# Instructions to follow:
Return the line containing "中国播送电视社会组织吞并会演员委员会于 4 月" and every line beneath it through the end of the entries below, unchanged. Pictures stay out.

Source material: Begin

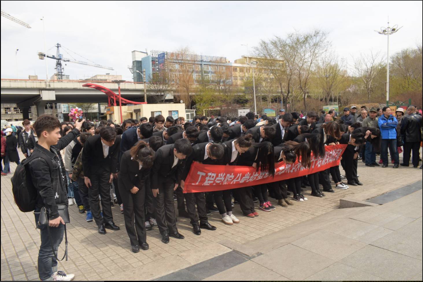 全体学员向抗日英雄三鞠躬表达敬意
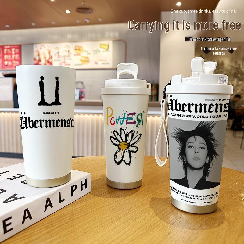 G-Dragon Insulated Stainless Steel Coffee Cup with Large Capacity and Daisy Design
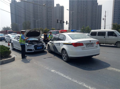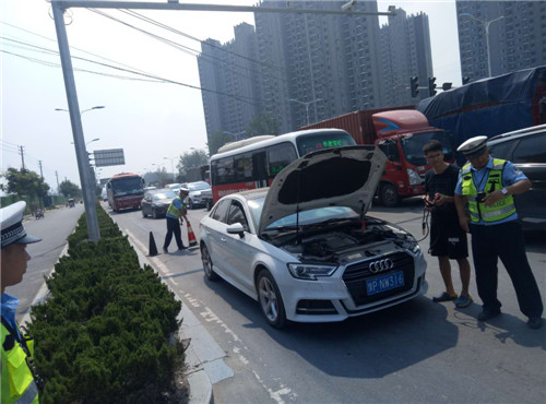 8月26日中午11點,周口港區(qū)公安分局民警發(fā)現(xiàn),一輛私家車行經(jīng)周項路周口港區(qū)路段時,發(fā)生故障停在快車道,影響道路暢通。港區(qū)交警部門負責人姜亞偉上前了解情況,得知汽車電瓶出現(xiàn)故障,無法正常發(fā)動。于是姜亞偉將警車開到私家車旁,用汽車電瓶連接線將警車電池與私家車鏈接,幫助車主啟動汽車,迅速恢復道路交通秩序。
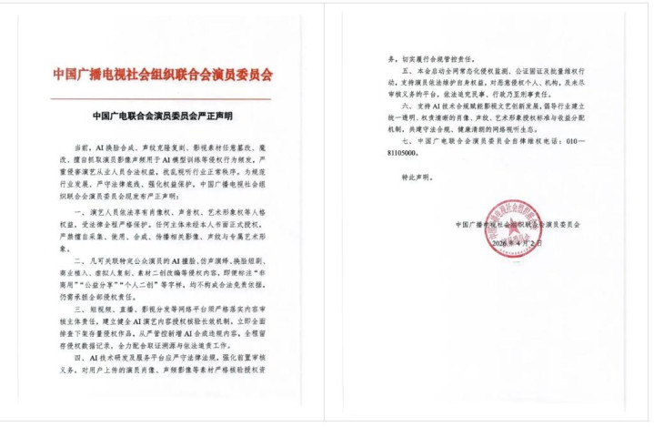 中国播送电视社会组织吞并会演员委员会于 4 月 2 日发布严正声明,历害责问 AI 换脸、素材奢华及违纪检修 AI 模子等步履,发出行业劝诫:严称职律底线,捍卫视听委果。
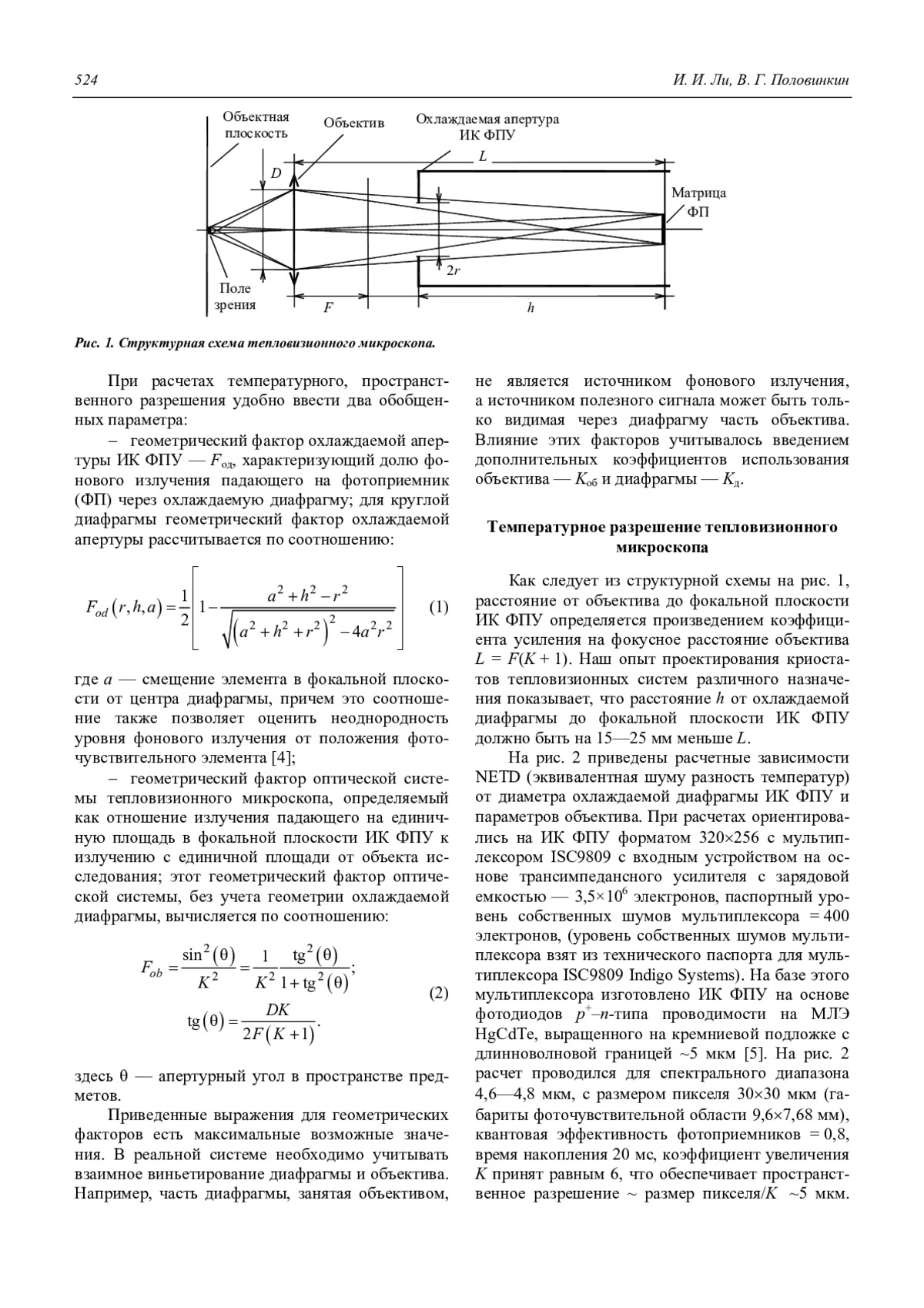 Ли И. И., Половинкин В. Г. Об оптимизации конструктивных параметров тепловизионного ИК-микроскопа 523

Source material: End

# Answer to the problem:
 中国播送电视社会组织吞并会演员委员会于 4 月 2 日发布严正声明,历害责问 AI 换脸、素材奢华及违纪检修 AI 模子等步履,发出行业劝诫:严称职律底线,捍卫视听委果。
 Ли И. И., Половинкин В. Г. Об оптимизации конструктивных параметров тепловизионного ИК-микроскопа 523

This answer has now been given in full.